31. The process according to any one of claims 28 to 30, further comprising adding an initiator prior to or while mixing the charged modified poloxamer with the peptide.

32. The process according to claim 31, wherein the initiator is provided in a 0.05 to 1 w/v% solution, preferably 0.1 to 0.5 w/v%, wherein the solvent is preferably a buffer solution. 33. The process according to any one of claims 28 to 32, wherein the modified poloxamer is provided in the form of micelles.

34. The process according to any one of claims 28 to 33, wherein the peptide is provided in the form of uncoiled chains of a peptide backbone.

35. The process according to any one of claims 28 to 34, wherein the mixing is carried out using a three-way stopcock.

36. A kit of parts for making a hydrogel composite according to the preceding claims 1 to 27, comprising a first part of a modified poloxamer having a first charge moiety and a second part of a peptide having a second charge moiety, wherein the first charge moiety and the second charge moiety are oppositely charged for ionic interaction between the modified poloxamer and the peptide, and wherein at least one of the modified poloxamer and the peptide comprises a crosslinkable moiety.

37. A bioshaping method comprising providing the hydrogel composite according to any of the preceding claims 1 to 27, shaping the hydrogel composite to obtain a shaped hydrogel composite, and carrying out a cross-linking reaction on the shaped hydrogel composite to obtain a three-dimensional crosslinked network.

38. The bioshaping method according to claim 37, wherein shaping the hydrogel composite is carried out by printing. 39. The bioshaping method according to claim 38, wherein the printing is carried out through a first nozzle of a printer.

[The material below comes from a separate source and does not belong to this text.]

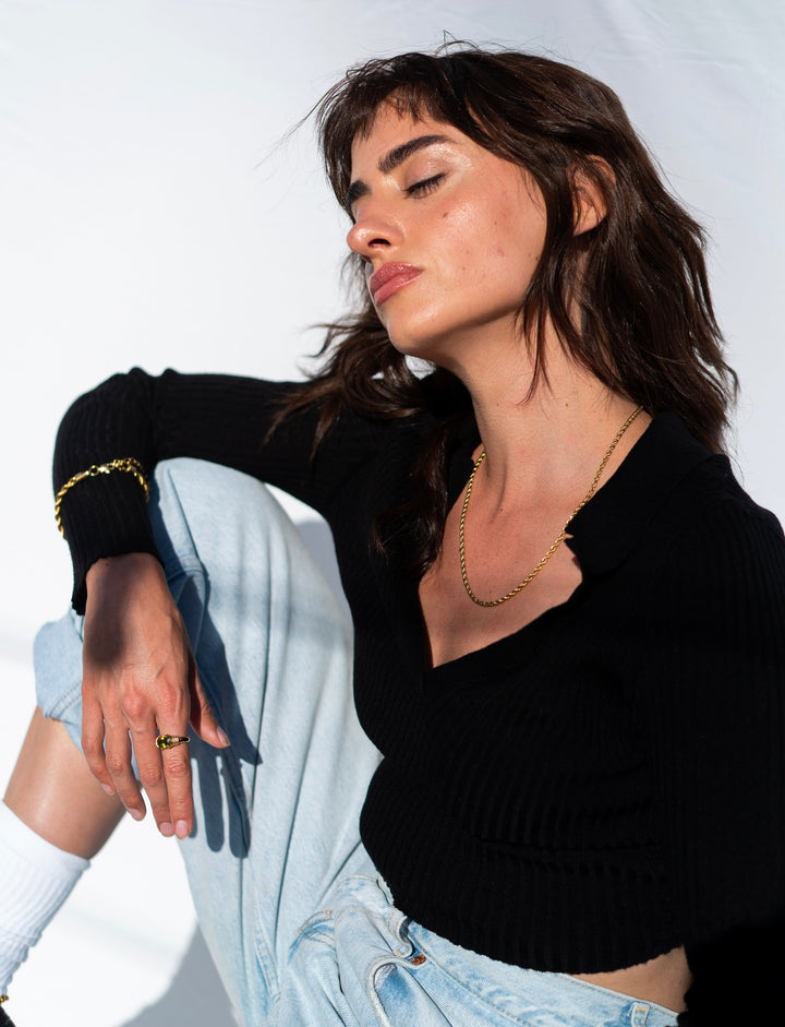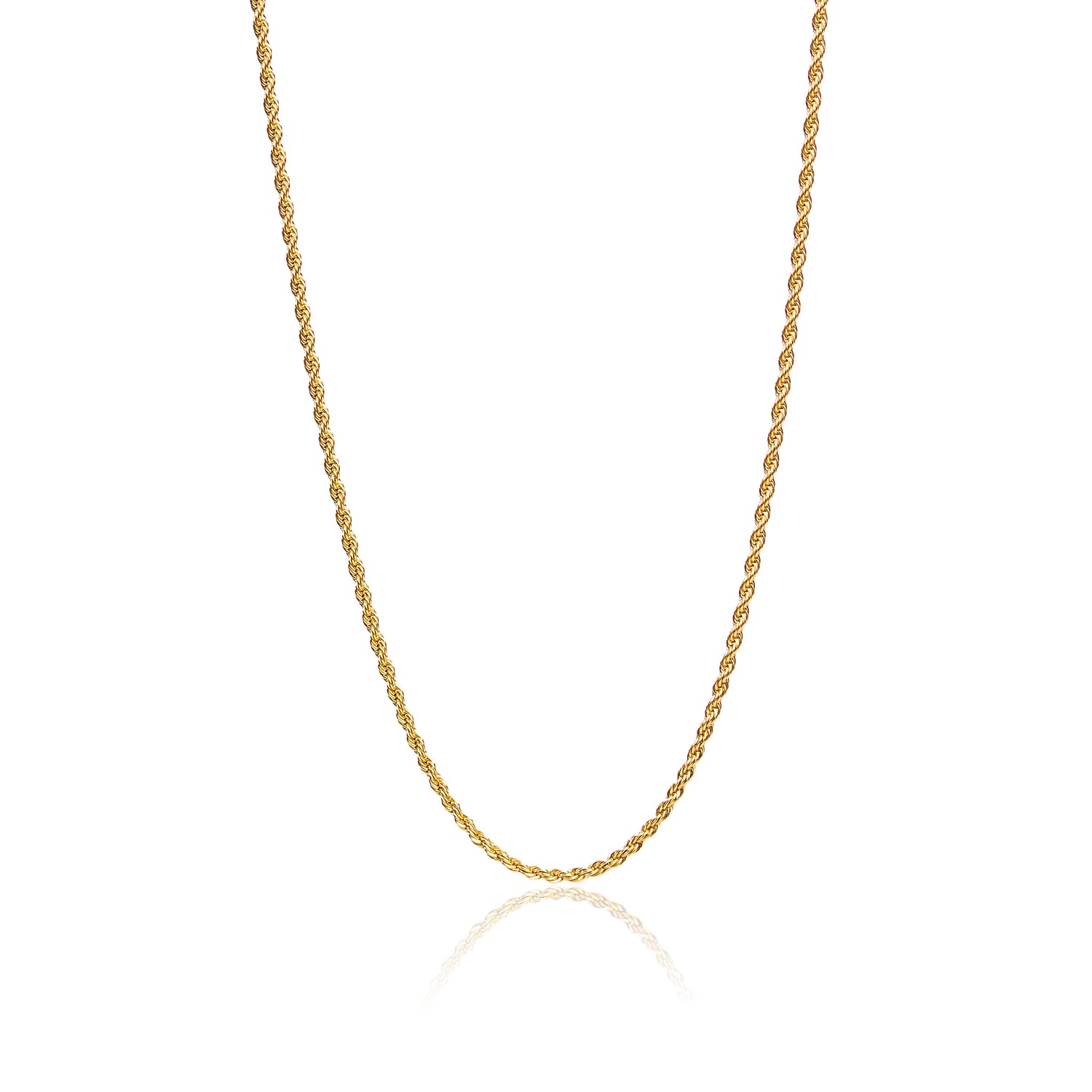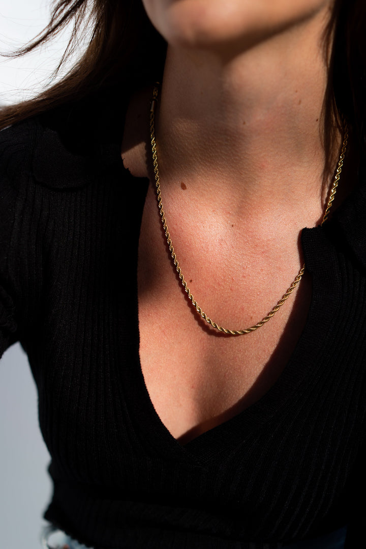 This necklace is crafted from 18K gold-plated stainless steel and features a delicate rope chain.

40. The bioshaping method according to claim 39, further comprising dispensing a poloxamer through a second nozzle of the printer.

41. The bioshaping method according to claim 37, wherein shaping the hydrogel composite is carried out by casting.

42. The bioshaping method according to any one of claims 37 to 41, wherein carrying out the crosslinking reaction on the shaped hydrogel composite comprises irradiating the shaped hydrogel composite with electromagnetic radiation having a wavelength in the range of 10 nm to 1000 nm, preferably a wavelength of 10 nm to 400 nm, to obtain the three-dimensional crosslinked network.

43. The bioshaping method according to any one of claims 37 to 42, wherein carrying out the crosslinking reaction on the shaped hydrogel composite comprises cross-linking the crosslinkable moiety of the peptide by formation of carbon-carbon bonds.

44. The bioshaping method according to any one of claims 37 to 43, wherein the method is carried out at a temperature of about 10 °C to about 50 °C, preferably at a temperature of about 20 °C to about 40 °C, more preferably at human body temperature.

45. A three-dimensional crosslinked network obtainable using the bioshaping method according to any one of claims 37 to 44.